I am running Apache 2.2.15 with PHP 5.3.2, 'display_errors' disabled, 'display_startup_errors' disabled, 'log_errors' enabled.
At my setup (so I consider it a norm), PHP aborts on fatal errors, which is good, and sets HTTP status code to 500. Fatal errors include E_ERROR, E_PARSE, E_CORE_ERROR, E_COMPILE_ERROR, E_USER_ERROR and, probably, E_RECOVERABLE_ERROR (cannot trigger it myself, so can't easily check what happens).
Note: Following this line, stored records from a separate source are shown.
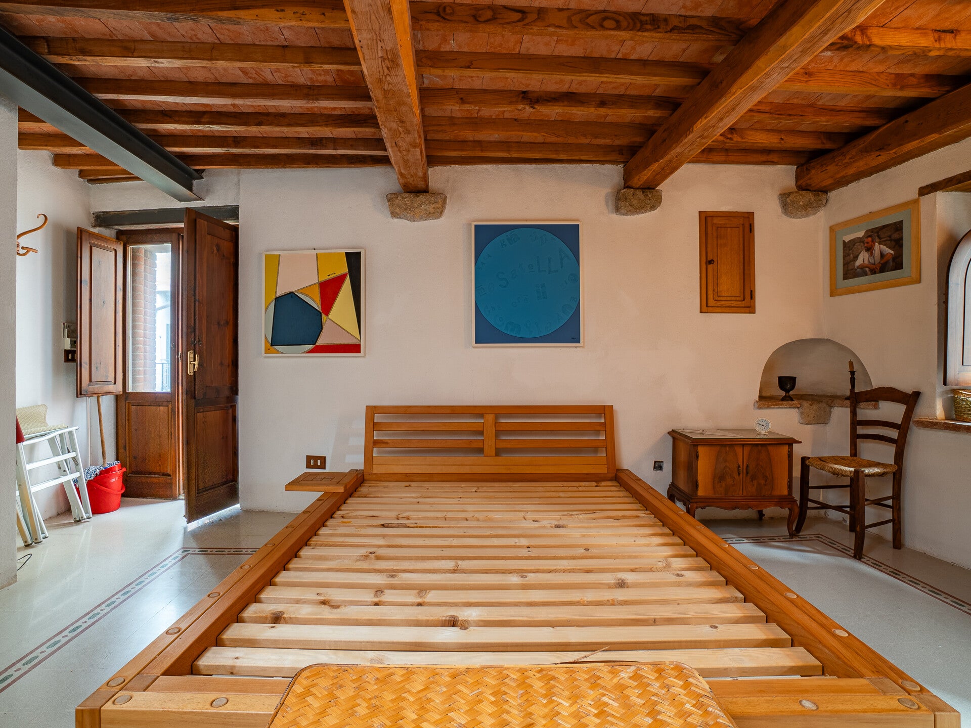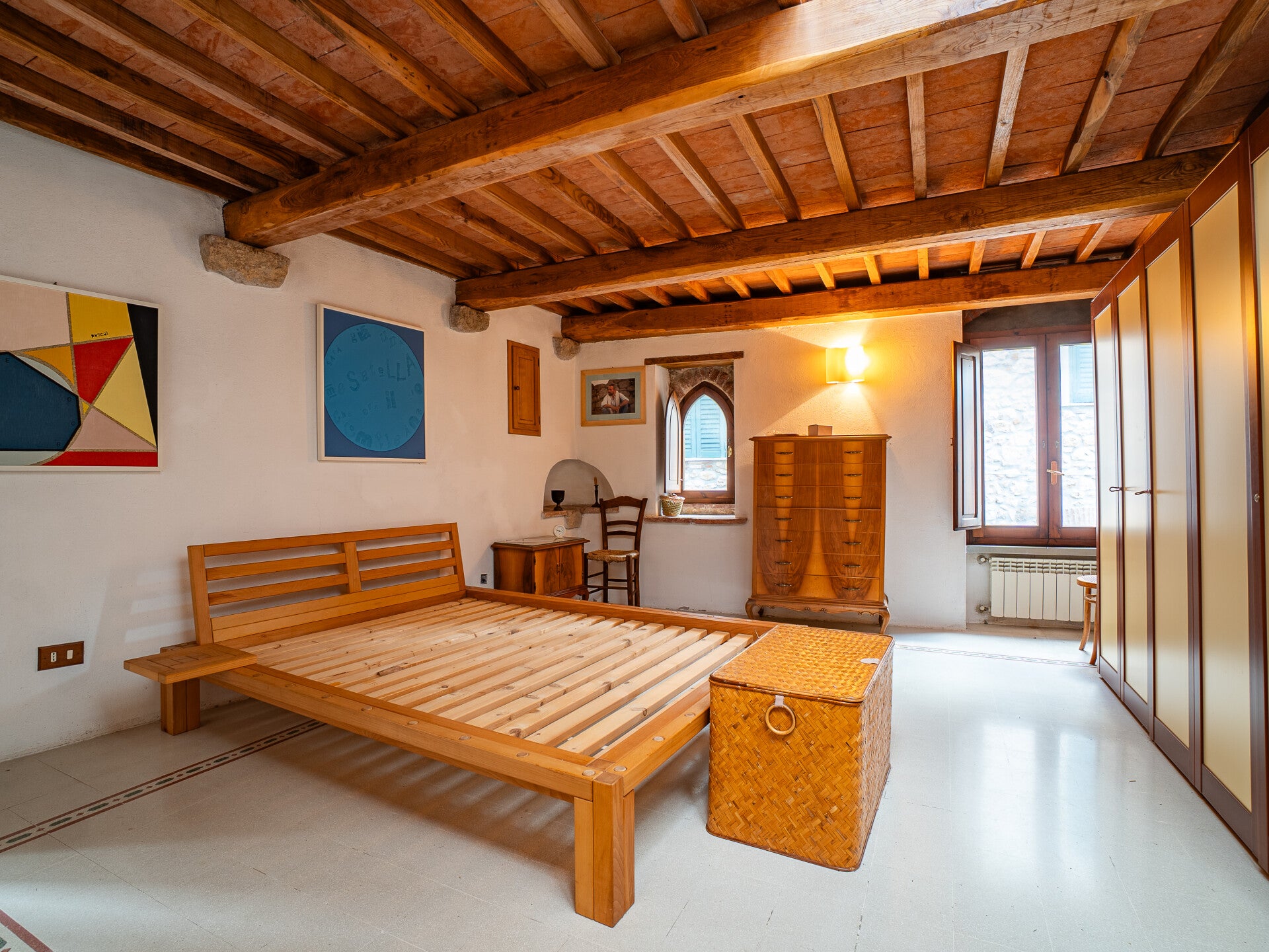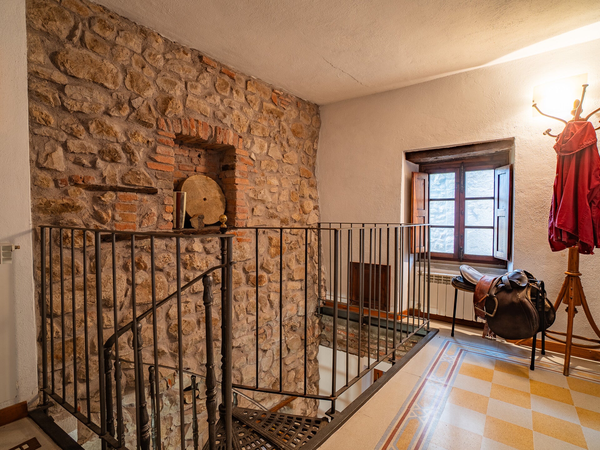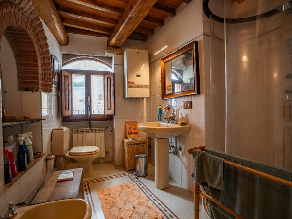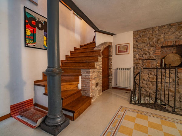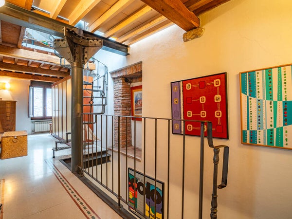 Ogni piano custodisce un’atmosfera diversa: ambienti raccolti e accoglienti ai livelli inferiori, ideali per la zona giorno e gli spazi conviviali, e salendo, stanze sempre più luminose, dove la luce filtra dalle finestre incorniciando tetti antichi e dettagli architettonici tipici toscani, come travi a vista e muri in pietra.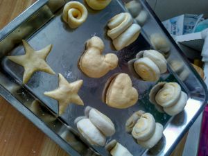 有多的面团可以用模具压出图案,模具事先抹点油,防止粘住拿不出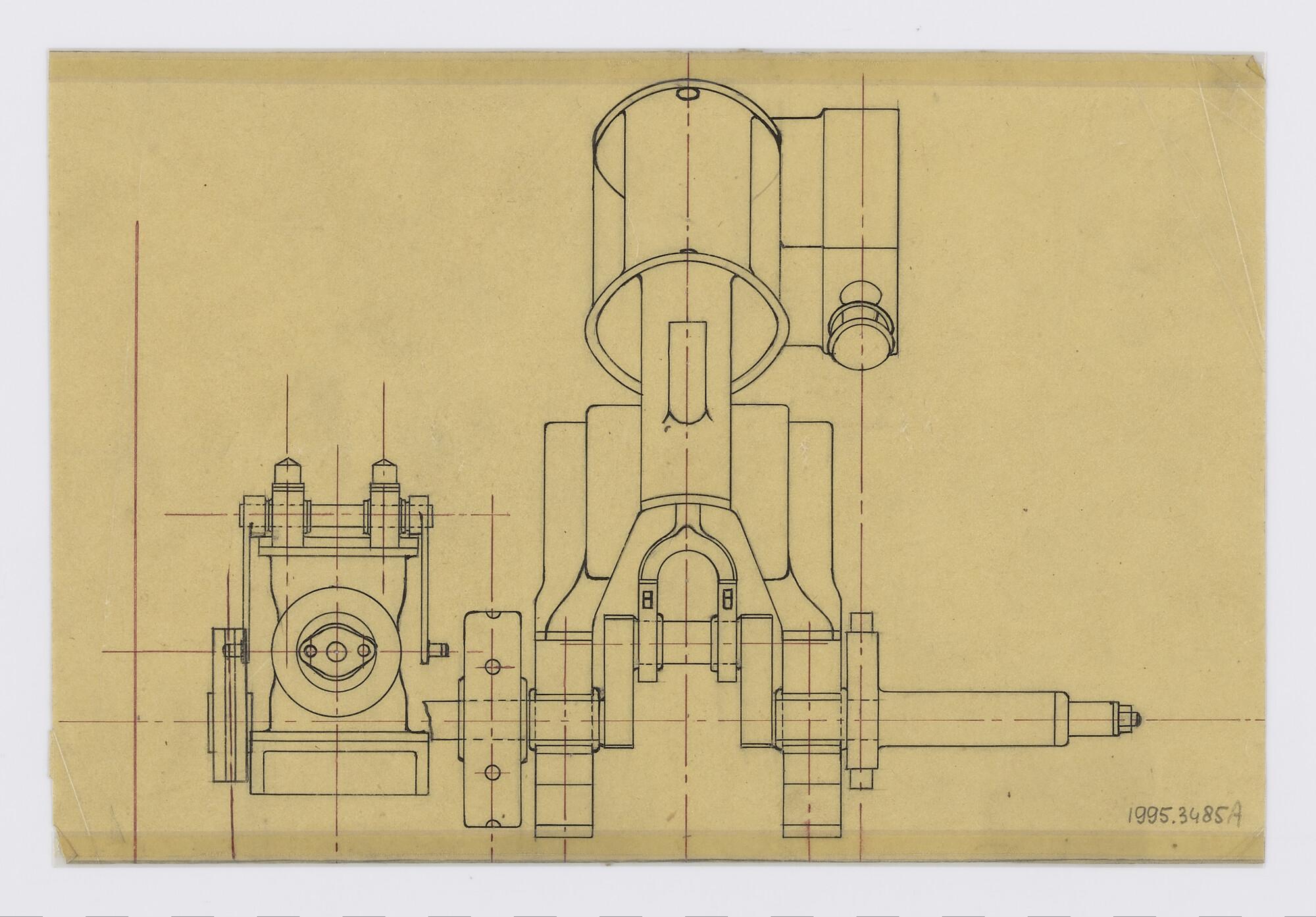Bovenaanzicht hoofdmachine van stoomsleepboot voor d...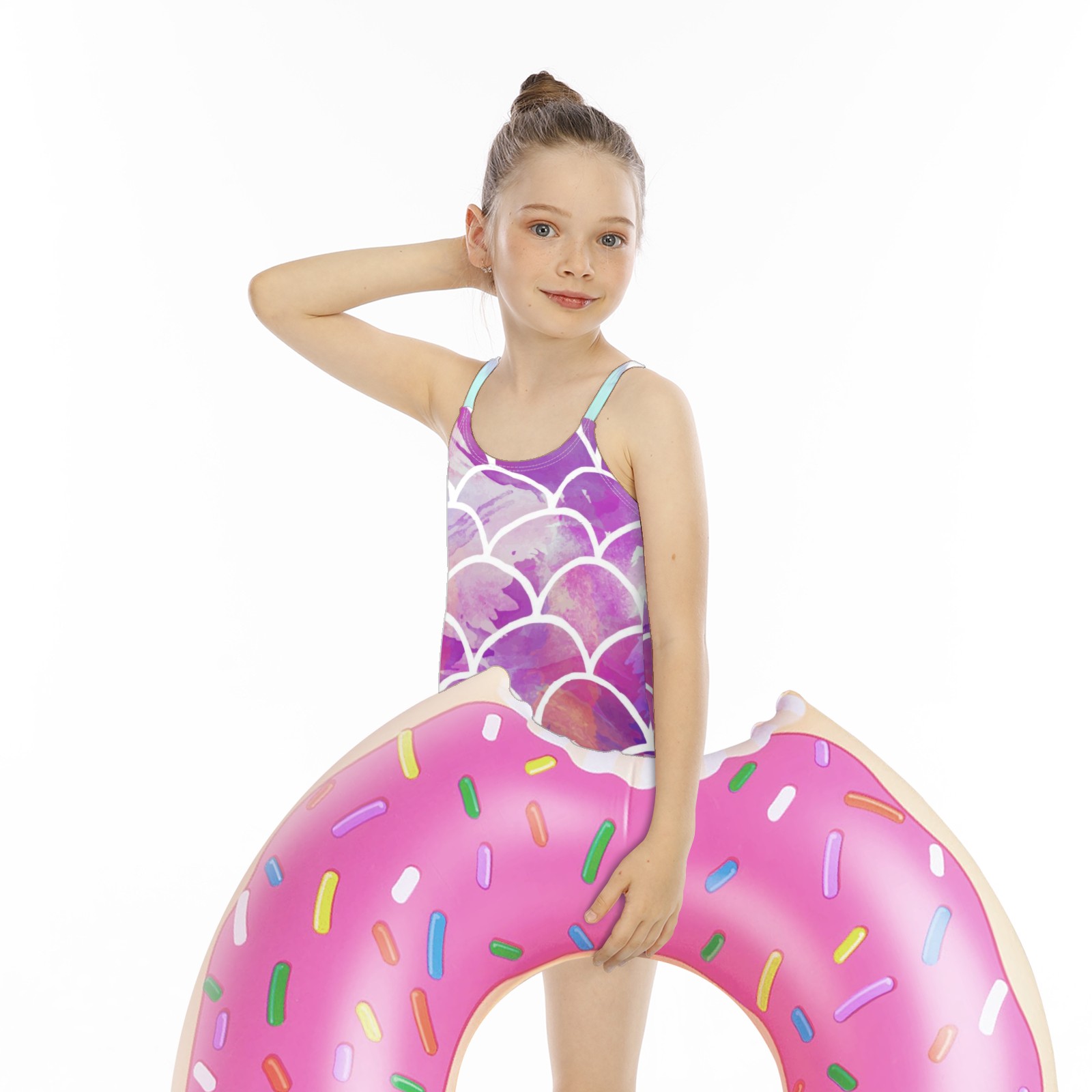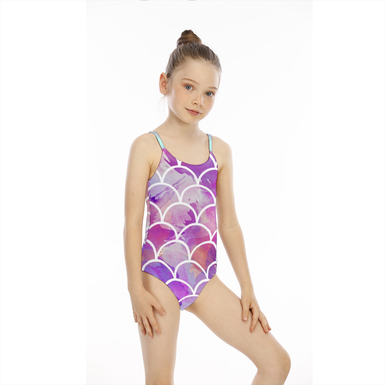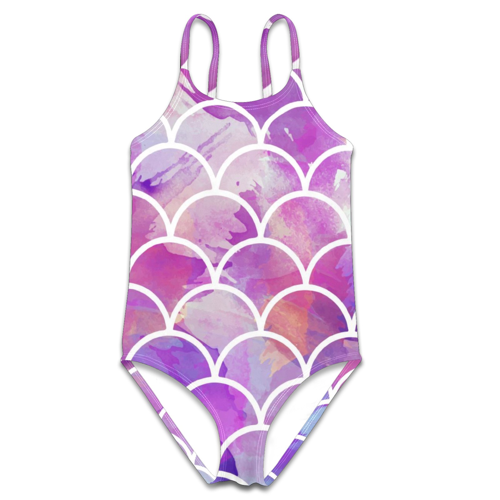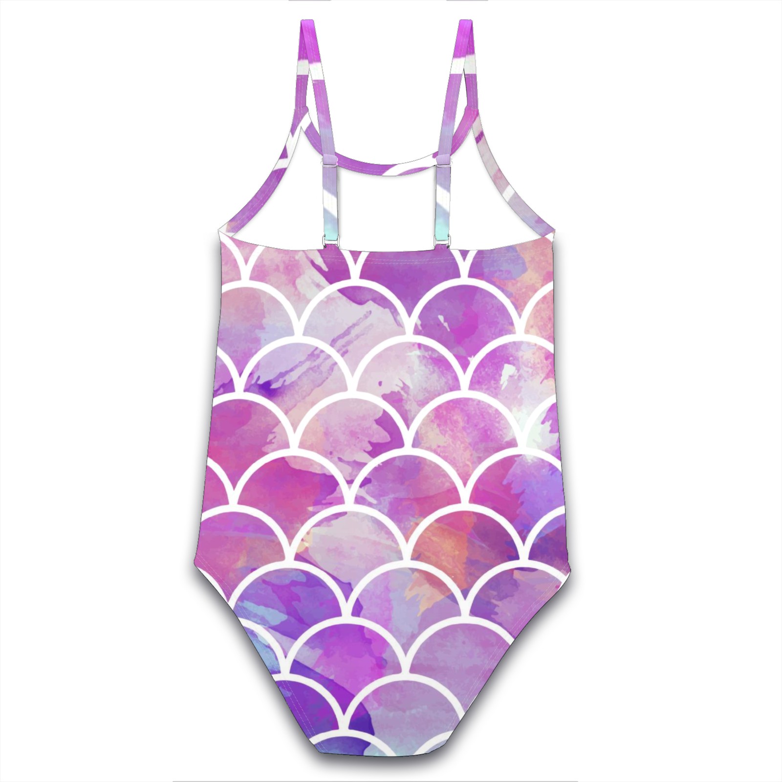 Girls Swimsuit One Piece Mermaid Sacle Watercolor Summer Swimwear Beach Sport Size 5-6 Years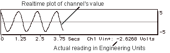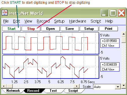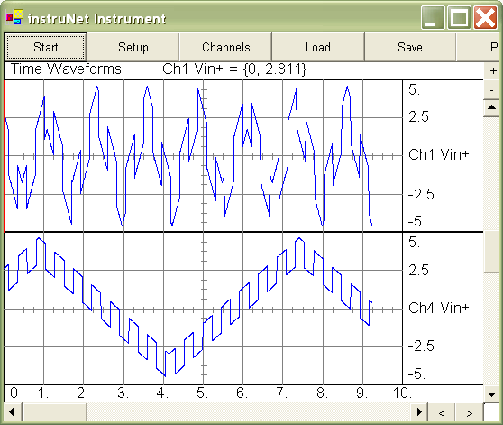7. Tell instruNet to start digitizing. Click the Start button at the top of the window to tell instruNet to record and display channels that have been enabled for digitizing (e.g. "Ch1 Vin+"). You should see your waveforms move across the screen as they are digitized in real-time, as illustrated below.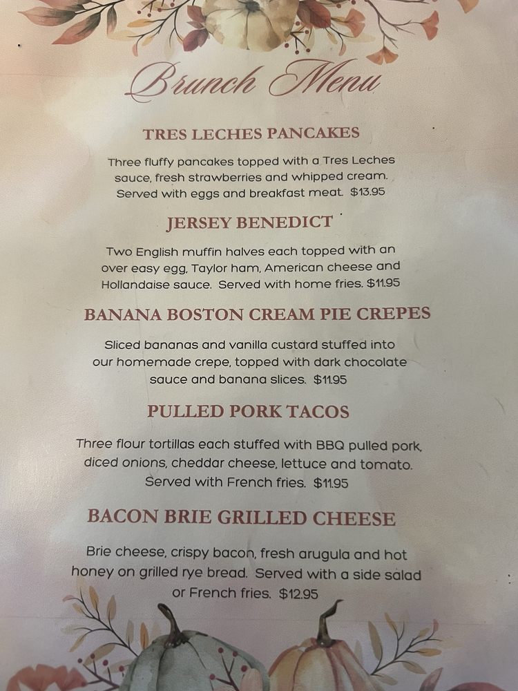 Welcome to The Crystal Cafe, your go-to spot for delightful breakfast and brunch in Vernon Township, NJ. This charming eatery beckons with a cozy atmosphere, perfect for leisurely mornings and family gatherings. The menu is a treasure trove of options, featuring exquisite crêpes such as the Strawberries & Cream and Banana Nutella, both priced at $13.49. Delight in their fluffy pancakes or waffles, available starting at just $9.99, while complimentary sides of eggs and meat round out your meal. For the omelet lovers, selections like the Lox & Onion or Avocado & Chicken promise a burst of flavors, with prices ranging from $8.49 to $14.49.

I think it is a good idea that it does set the code to 500, because I think it is the right thing to do - obviously if your script contains syntax errors and/or fails to do what is supposed to do at runtime, it is a server error, if we consider PHP part of the server.
Now, here is the important part:
Anyway, I have now installed XDebug to track errors better, but I can see that now, no matter the error, even though the script aborts as before on fatal errors, the HTTP status code is always 200. This breaks my client that 'talks' to Apache/PHP via HTTP :|
Also, setting display_errors to On/1, makes PHP no longer set HTTP status code to 500 and exhibits exactly the same behavior as with XDebug above.
I am very much dependent on reliable status code behavior here, and this all leads me to believe it's some kind of fluke or random like weather.. or am I missing something?
UPDATE
There is a blog post which oulines the issue:
http://talideon.com/weblog/2008/02/php-errors.cfm
For my part, I have disabled XDebug, seeing as it is what causes the bad behavior in the first place. I only used it for stack tracing anyway, and now use a custom error handler for that instead. Also, the linked article is from 2008, apparently PHP does set HTTP status code to 500 automatically these days. It does so here. Without XDebug, of course.